The French energy company Total on Monday announced it would completely withdraw its employees from a multibillion-dollar liquefied natural gas project in Mozambique in view of the tense security situation.
According to earlier reports, about 1,000 employees are directly affected, but Total did not give a number.
Agostinho Vuma, the president of Mozambique’s business association earlier estimated the total damage to the economy by the looming production stop at around 90 million dollars.
According to his preliminary estimates, about 410 companies involved in the gas production project in Cabo Delgado from suppliers to security services to lodge owners will have to shut down their operations.

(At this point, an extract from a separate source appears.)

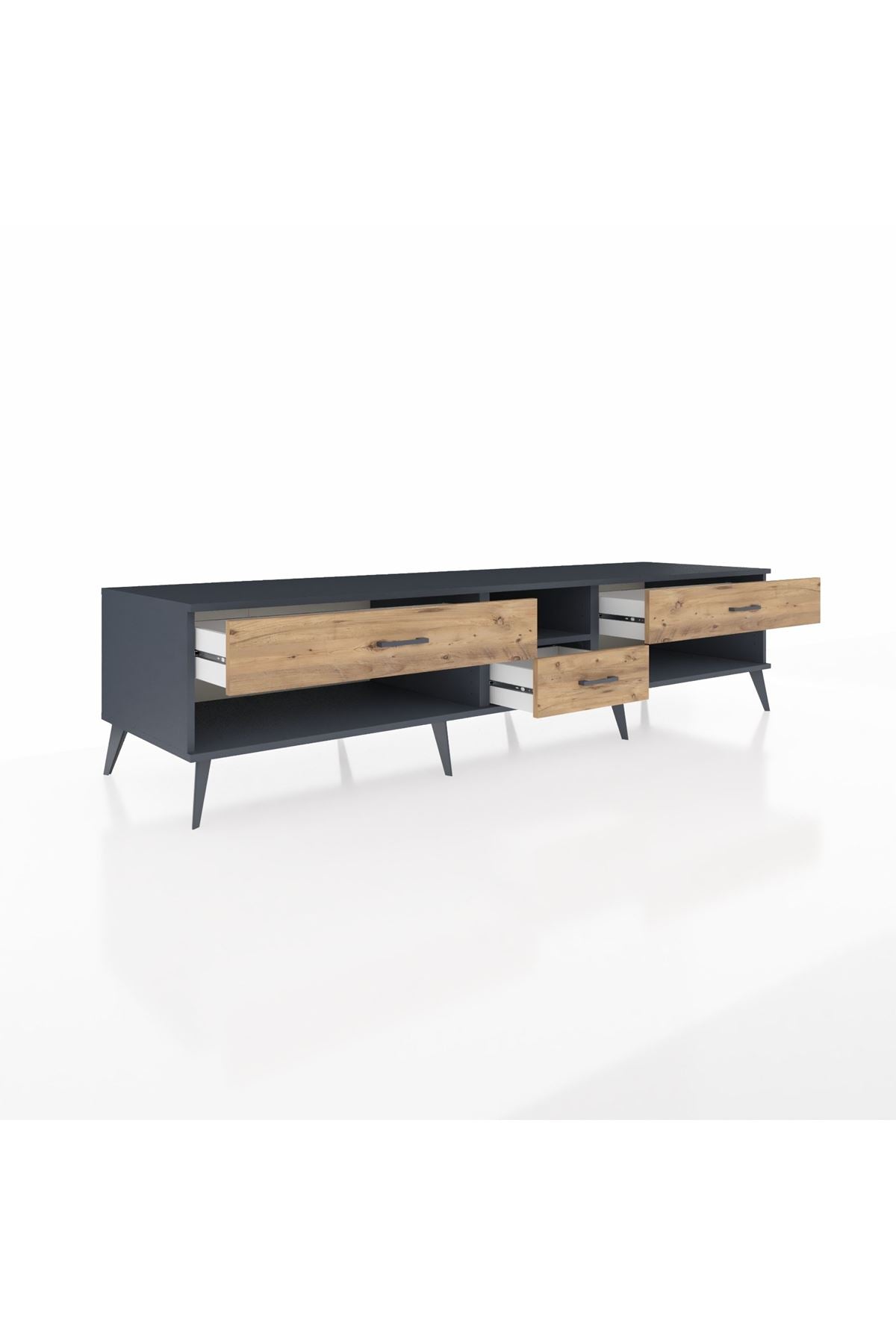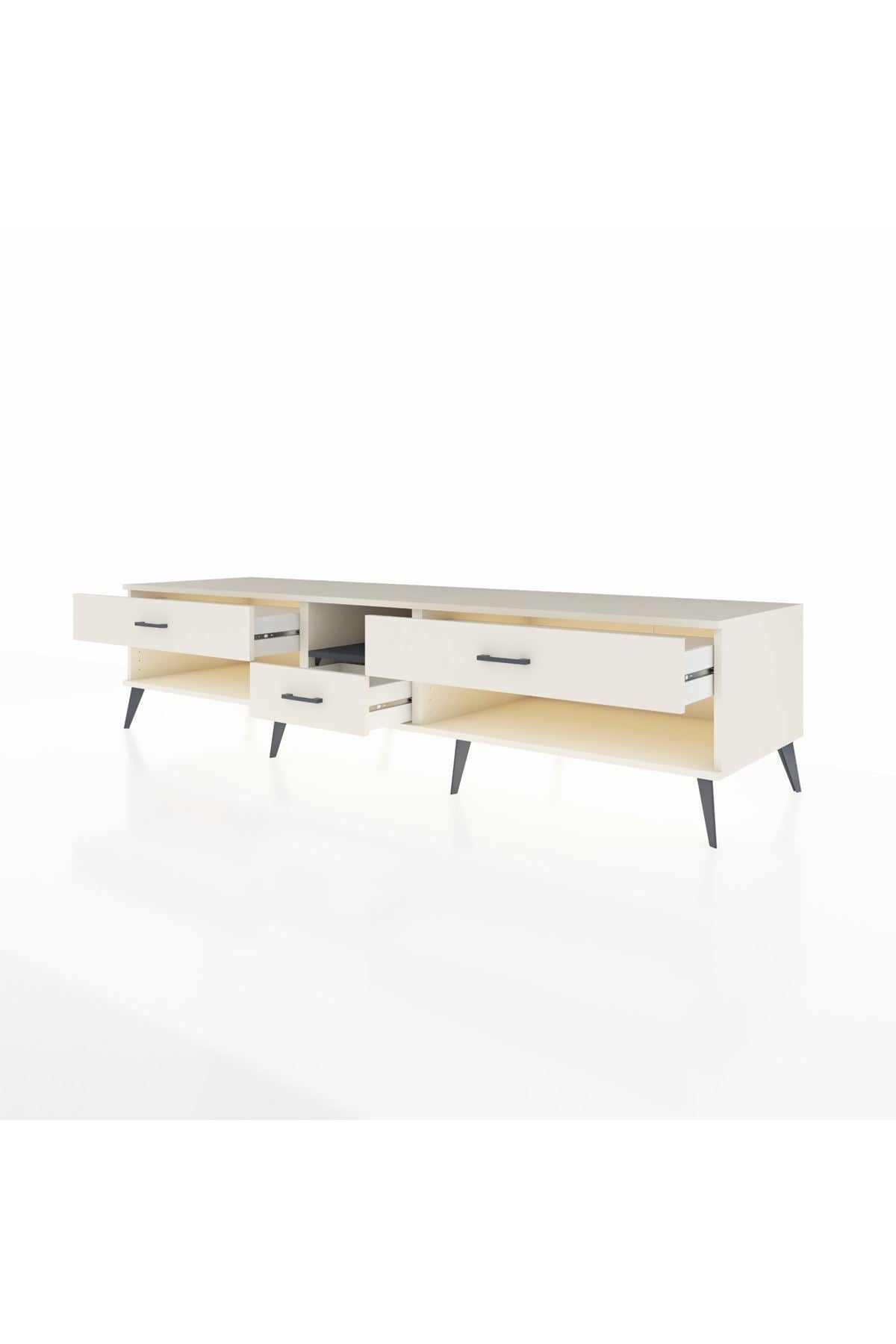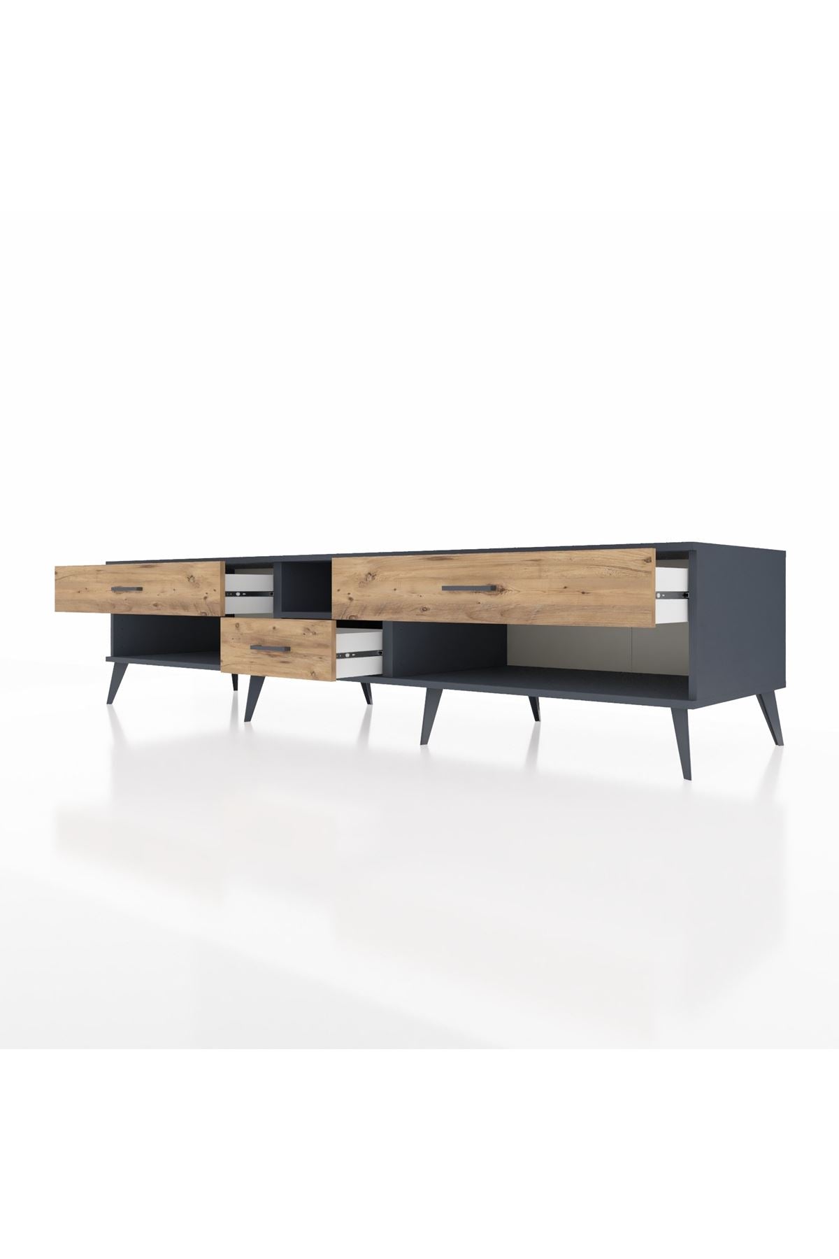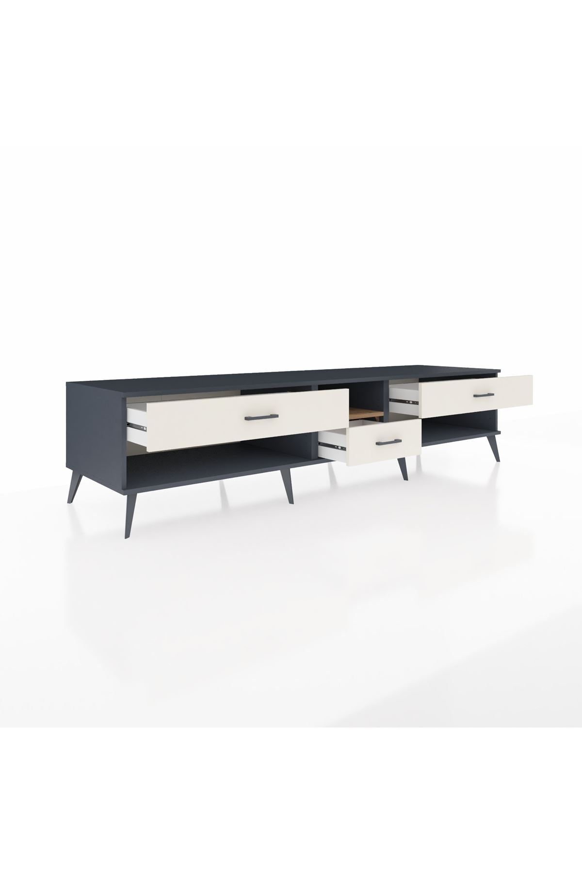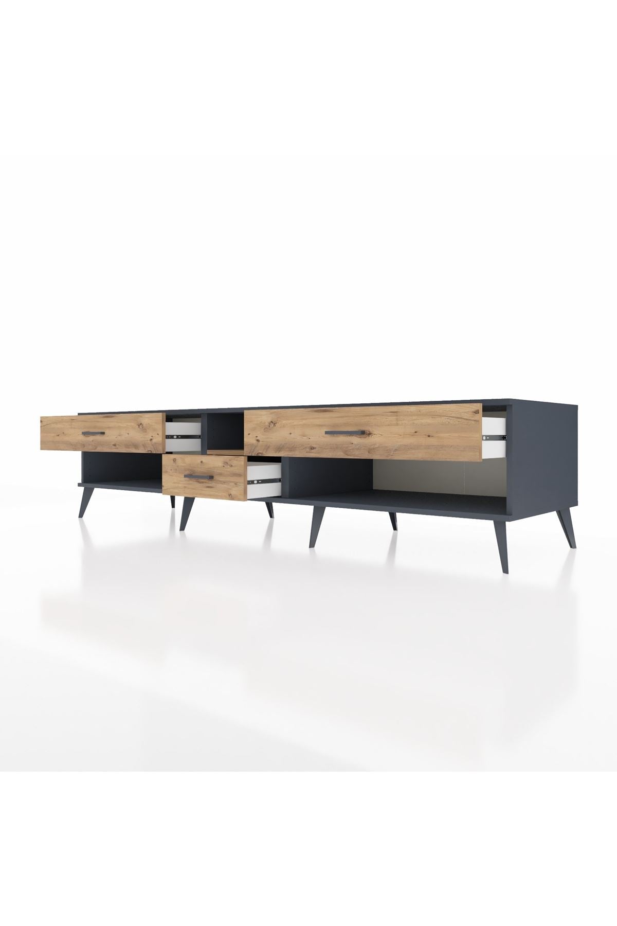 🦾 Metal ayaklar, Kronos TV Ünitesi'ne modern ve şık bir görünüm kazandırır. Metal kulplar, çekmecelerin kolayca açılmasını sağlarken, ürünün genel tasarımına uyum sağlar ve uzun yıllar sorunsuz bir kullanım sunar.

Around 56,000 people would become unemployed as a result.
Mozambique’s government confirmed the indefinite halt of the project as well as the cancellation of numerous contracts with supplier companies.
The town of Palma in the north of the south-east African country was attacked by Islamist rebels on March 24. Total is involved in an over-20-billion-dollar liquefied natural gas project in the region.
In view of the circumstances, Total is now using the legal term “force majeure,” which refers to unforeseeable circumstances that prevent a party from fulfilling a contract.
The company hopes that the country’s government and international partners would succeed in restoring security, according to a statement.
If the uncertainty in the region persists, however, further lay-offs are to be expected, it said.
The planned gas extraction was linked to high hopes in Mozambique for a sustainable development boost.
The United Nations World Food Programme (WFP) has already warned of a worsening crisis in the conflict province of Cabo Delgado.
Thousands of people are fleeing due to the recurring violence and almost one million people are currently affected by severe hunger. Some 50,000 people have fled after the attack in Palma.